I live with my parents and due to unfortunate circumstances they now look after my niece and nephew on a regular basis.

She gets very stressed when the children are here, particularly my niece, to the point that she will pee on the floor near the litter tray. At other times she does use the litter tray. Even shutting her in another room when they are here does not help with this problem.

To safeguard the fact that she is to be returned to us if a new home does not work out we are asking an adoption fee, we feel that if she goes somewhere without Children, the problem should stop, but obviously if the problem persisted in a new home we would take her back and refund the adoption donation.

The ideal home would be with a retired person or couple with no other pets.

We are keen to avoid her going to a rescue as we do not want to add to her stress. 

If on this basis anyone is interested in meeting her to see if they feel able to offer a suitable home please let me know.


----------



## jill3 (Feb 18, 2009)

Might help if you put her photo on here.
Pictures always help.


----------



## Cookieandme (Dec 29, 2011)

There is also a Facebook group you could try - Neutered Pedigree Cat Rehome Grouo UK


----------



## Cheryl89 (Jun 24, 2013)

woodlandsend said:


> 18 month old spayed and micro-chipped female
> 
> She is a very loving cat and craves attention.
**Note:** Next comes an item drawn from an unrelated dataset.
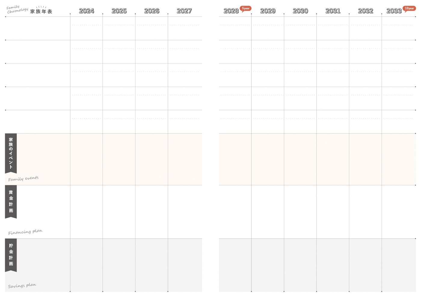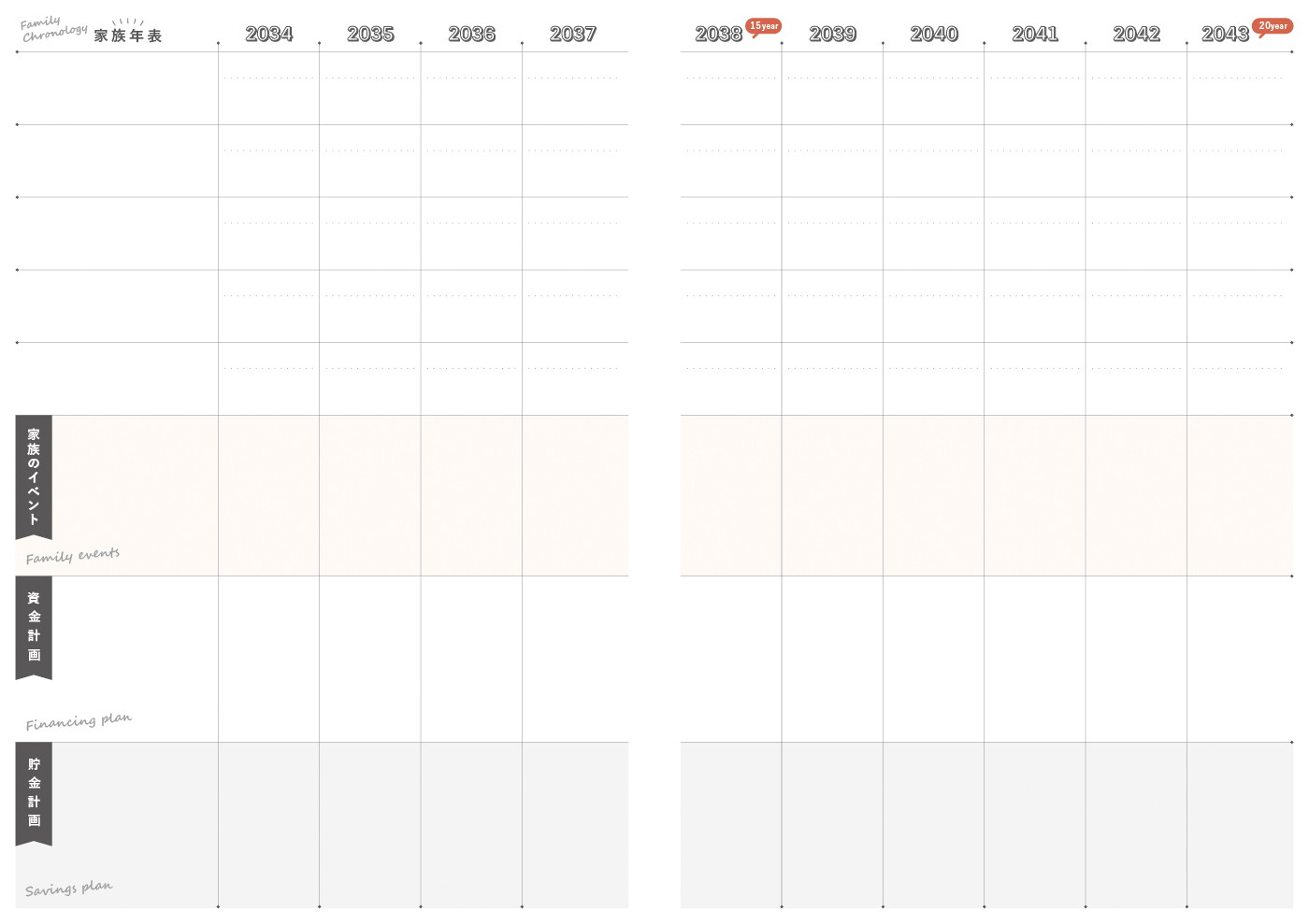 必要なお金の計画が記入できる「家族年表」ページです。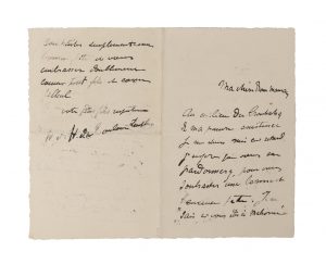 « Ma chère bonne maman. Au milieu du brouhaha de ma pauvre existence, je me suis mis en retard. [...] je vous prie d'embrasser tout le monde et particulièrement Bonne maman Gabrielle pour moi. pauvre vieillard.

The only reason I am having to part with her is because she gets very stressed around children.
> 
> ...


Oh bless her  As others have suggested, join that FB group, put up a piccie and what is your location?


----------



## woodlandsend (Mar 5, 2011)

Thanks

Will try to sort a pic, she is stunning!

We are in Bromley

She is advertised on Pets4homes too, photo on there.


----------



## OrientalSlave (Jan 26, 2012)

Suggest you also contact the breeder she came from. Is moving to your own place not possible?


----------



## woodlandsend (Mar 5, 2011)

The breeder has simply advised us to move her on.

I would love to buy my own place and we were struggling with this for the last few months as I was seriously looking, but the house price bubble has killed that dream for the foreseeable.


----------